Ещё он говорил, что очень давно, ещё в язычестве, до православия, русичи писали чертами и резами. Но письмо то ныне забыто, и не осталось ни одного человека, кто мог бы его читать. Да и ни одной надписи не сохранилось: греки при крещении Руси всё уничтожили.

Когда я освоил грамоту, Варсонофий пробурчал:

– Вот, сын простого кузнеца, а грамоту пуще княжича постигает.

Оказывается, Родослав полгода учил то, что я за месяц усвоил. Вот чудеса! Теперь уж я с Родославом был наравне, ведь грамоту знал не хуже его, пожалуй, даже лучше: читал бойчее и писал грамотнее.

Князь Олег как-то зашёл посмотреть, как мы обучаемся. А мы как раз земной чертёж осваивали. Я рассказывал Варсонофию, что на нём изображено:

– Вот река Дон. Начало имеет недалеко от Тулы.

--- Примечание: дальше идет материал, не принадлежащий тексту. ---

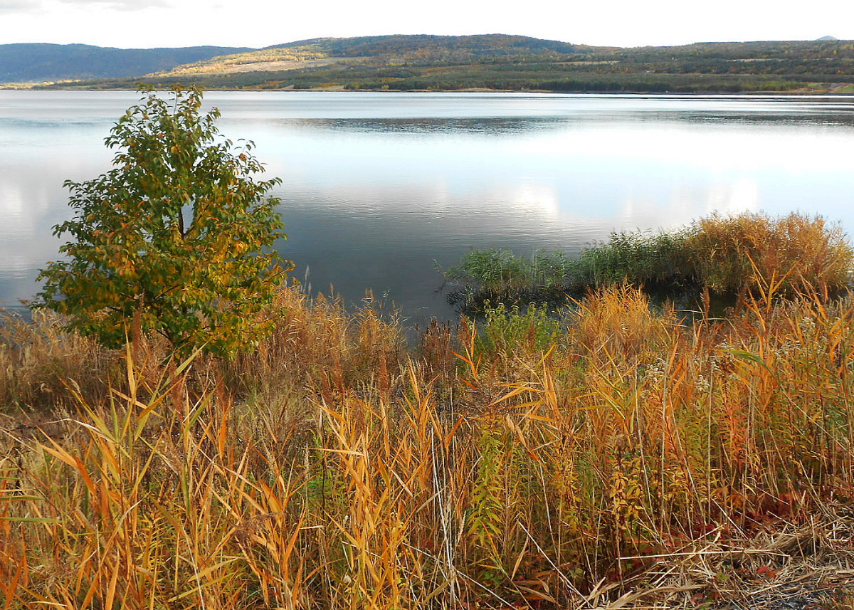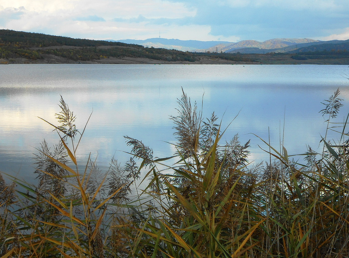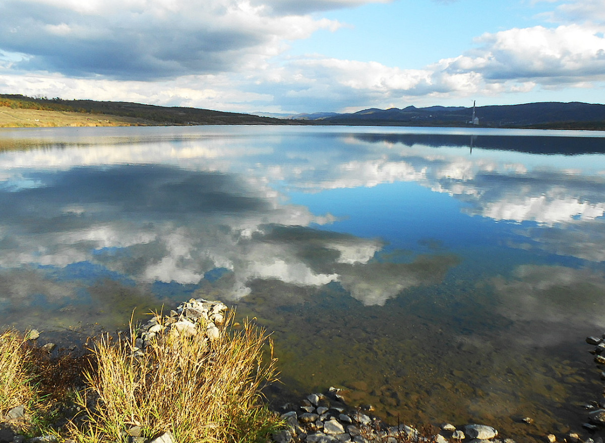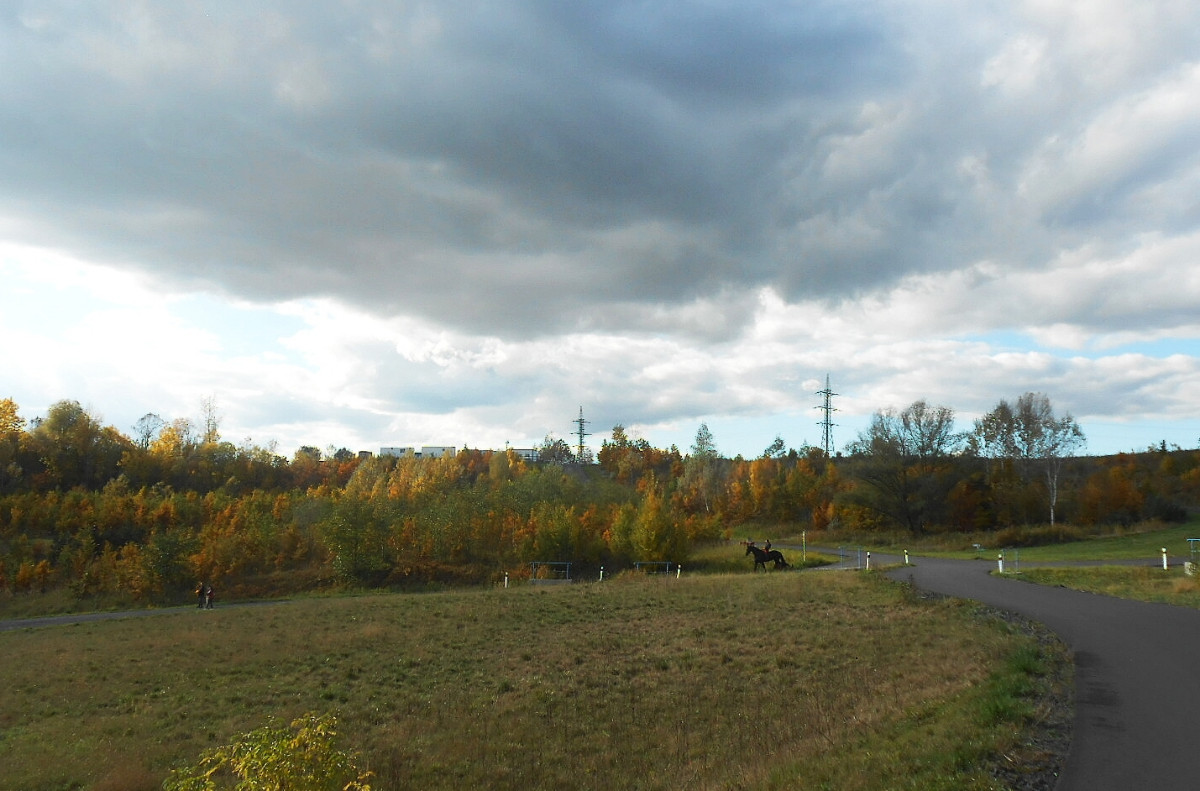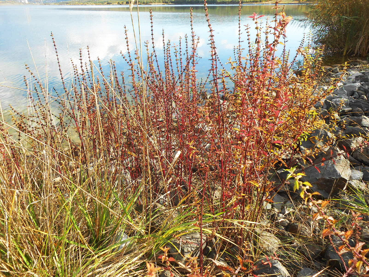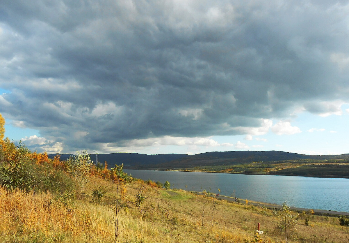 Tak jako každý rok se i letos podzim předvádí ve své plné kráse. Kontrast mezi vodní hladinou a nebem byl úžasný, protože nebylo úplně modro, takže odlesk mraků ve vodě neměl chybu. Potkávali jsme spoustu pejskařů s miláčky od čivavy, až po dogu. Několik se mi jich povedlo s dovolením majitele vyfotit, na dogu jsem se radši neptala. Mezi úlovky počítám i letadlo a letku ptáků, pravděpodobně to byly volavky.

Течёт на полдень, потом поворачивает на закат. В нижнем течении кочуют ордынские рати, русичам туда хода нет. Устье Дона – в море, по-эллински оно называется Меотийское озеро. Фрязи, что в Крыму живут, называют это море Цабакке. А ордынцы – Азов. Вот Волга. Начинается в болотах между Тверью и Новгородом. По ордынски и по-булгарски – Итиль, по-мордовски Рав. Другие народы не знаю, как называют. Наверное, или по-нашему, или по-ордынски, или по-мордовски, потому что других народов на Волге нет. До Нижнего Новгорода по Волге живут русичи, ниже по течению – мордовский народ, а далее до устья – ордынские владения. Волга – река большая, сильная. Много там рыбы. Даже осётр водится – царь-рыба.

Говорю я, а сам всё на чертеже показываю. Хороший у Варсонофия земной чертёж, большой, подробный. Он как-то сказал, что на Руси второго такого чертежа нет. Да и в закатных землях их пока немного. А составлял Варсонофий его по рассказам путешественников да по старинным эллинским описаниям. Хотя и сам он повидал немало: всю Русь изъездил, и в землях басурманских много где побывал.

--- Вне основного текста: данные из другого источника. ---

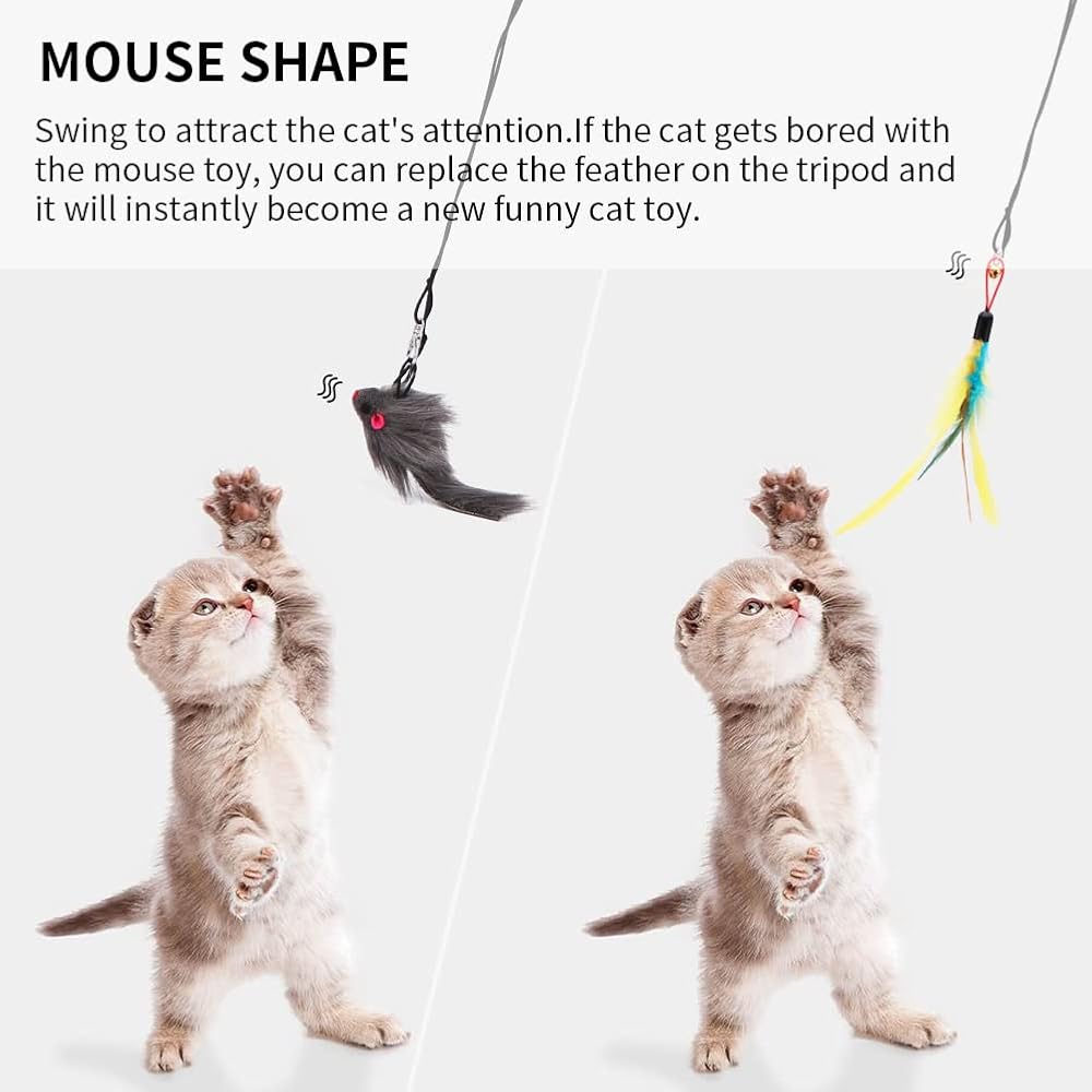 • The interactive cat toys include faux feathers, and you can change the head of the teaser for added fun, so your cat will never be bored again. Suitable for kittens and cats of all ages and sizes!

И ещё была у него целая куча разных хитрых устройств. Одно со стрелкой, которая всегда указывала, в какой стороне полночь находится, другое определяло высоту небесных светил (его Варсонофий называл «посохом Якова»[9]), третье… Впрочем, Варсонофий пообещал, что обучит меня, как ими пользоваться, только попозже, потому что непростое это дело. Ну да ладно, я отвлёкся.

Сам смотрю краем глаза: довольный дьяк стоит перед князем, аж млеет. Бороду поглаживает, головой кивает. Нравится, что я так хорошо всё выучил. Князю, кажется, тоже понравилось. Смотрю – Родослав глаза отводит. Видно, боится, что отец его спросит. Но Олег посмотрел, как я бодро отвечаю, погладил по голове и вышел. А Варсонофий мне потом из поварни[10] шанежку с творогом принёс.

Глава шестая
Боярин Дмитрий

Я, когда освоился на новом месте, всё допытывался у княжьих дружинников: что они в нашем селе видели? Может, кто живой остался? Но они уходили от ответа, взгляд отводили, как будто стыдились, что не сумели тогда догнать ордынцев. А чего стыдиться-то? Их вообще догнать трудно. И уйти от них трудно. Ведь они с детства к седлу приучены – на коне скакать начинают раньше, чем ногами ходить.

В конце концов, видя, как я мучаюсь от неизвестности, решили поведать мне горькую правду. Я был уверен, что это рано или поздно произойдёт, ждал, хотя и боялся, что услышу такое, после чего уже никакой надежды не останется.

Как-то раз, когда мы выходили с Родославом от Варсонофия, ко мне подошёл тот молодой боярин, что у ордынца пайцзу отобрал, усадил на каменную скамью у церкви и говорит:

– Слушай меня, малец. Расскажу я тебе всё, что тогда было.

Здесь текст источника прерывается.